Rising geopolitical tensions and protectionist sentiments, coupled with ongoing trade disputes, are leading to increased uncertainty and risk for multinationals with direct foreign investments, reports Marsh.
The global insurance broking group and risk management specialist has just released its Political Risk Map 2019, based on data from the independent risk analysis firm Fitch Solutions.
The interactive map rates more than 200 countries and territories on the basis of short- and long-term political, economic, and operational stability and offers insight into where risks are most likely to emerge. The map can be used to help multinationals make more informed decisions about how to deploy their financial resources in the year ahead.
Key findings of the Political Risk Map 2019 include:
- A transition to a more multi-polar world order of protectionism is likely to continue in 2019, with isolationist and protectionist sentiments and practices rising in some counties, halting, at least momentarily, the process of globalisation.
- Trade tariffs and geopolitical disputes between the US and China could escalate in 2019, bringing the risk of further Chinese retaliation and US counter-retaliation. Export heavy economies, such Germany, are likely to be impacted.
- Russia’s relations with the West will remain tense in 2019 and could result in further sanctions being imposed on the country.
- The UK’s negotiations to exit the European Union still loom over the political risk landscape, while continued political instability in Spain led to a sharp decline in the country’s short-term political risk index (STPRI).
- Positive results from 2018 presidential and legislative elections in Guatemala, Chile, and Paraguay led to improved STPRI in those countries, while continued political unrest in Nicaragua significantly reduced the country’s STPRI.
- The African region has again seen some of the biggest improvements in political risk and also some of the most notable deteriorations. STPRI scores in South Africa, Mozambique, and South Sudan all improved, while uncertainty around elections and deteriorating economic and humanitarian conditions led to sharp increases in political risk in Zambia, Mali, Algeria, Tunisia, Cameroon, and the Central African Republic.

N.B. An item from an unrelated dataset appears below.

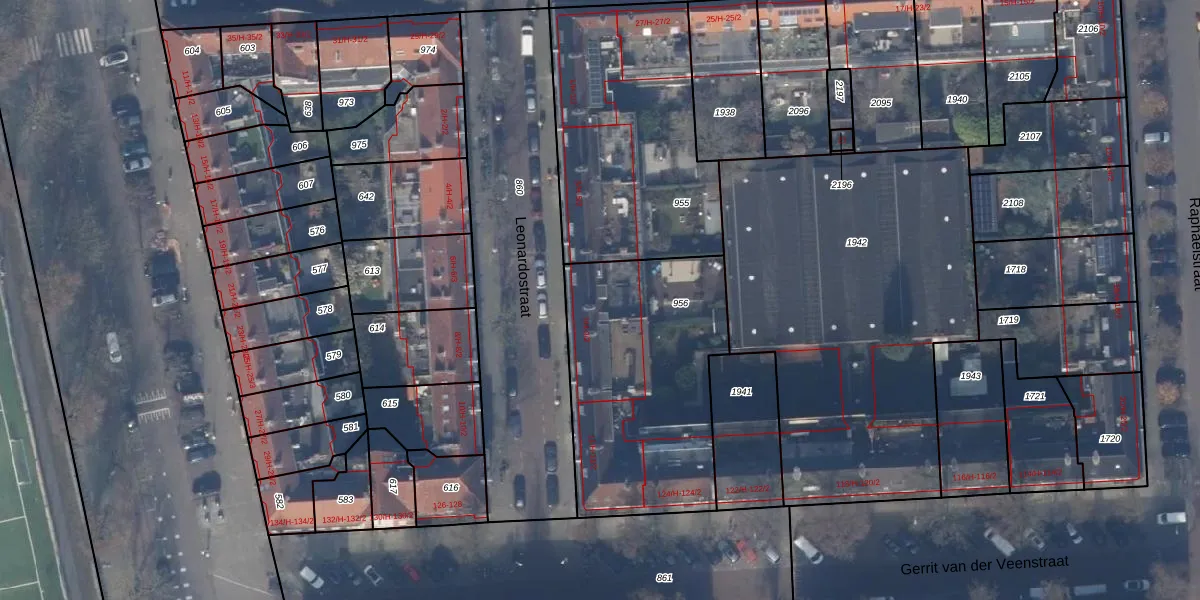 Het perceel waarop Leonardostraat 7-1 staat heeft een oppervlakte van 1040 m². Dit is een zeer groot perceel. De perceeloppervlakte wordt geregistreerd door het Kadaster. Gedetailleerde informatie over de maten van dit perceel kunt u vinden in het rapport Kadastrale kaart met maatvoering van Leonardostraat 7-1.

“Businesses with direct foreign investments are facing an unprecedented breadth of challenges today from emerging economies to so-called developed economies,” said Evan Freely, global practice leader, credit specialties, Marsh.
“In uncertain times, vigilance and broad, systemic risk analysis coupled with political and trade credit insurance, will be vital to minimizing these threats.”
Findings from Marsh’s Political Risk Map 2019 are similar to the World Economic Forum’s Global Risks Report 2019, which ranked rising geopolitical and geo-economic tensions as the most urgent risk in 2019.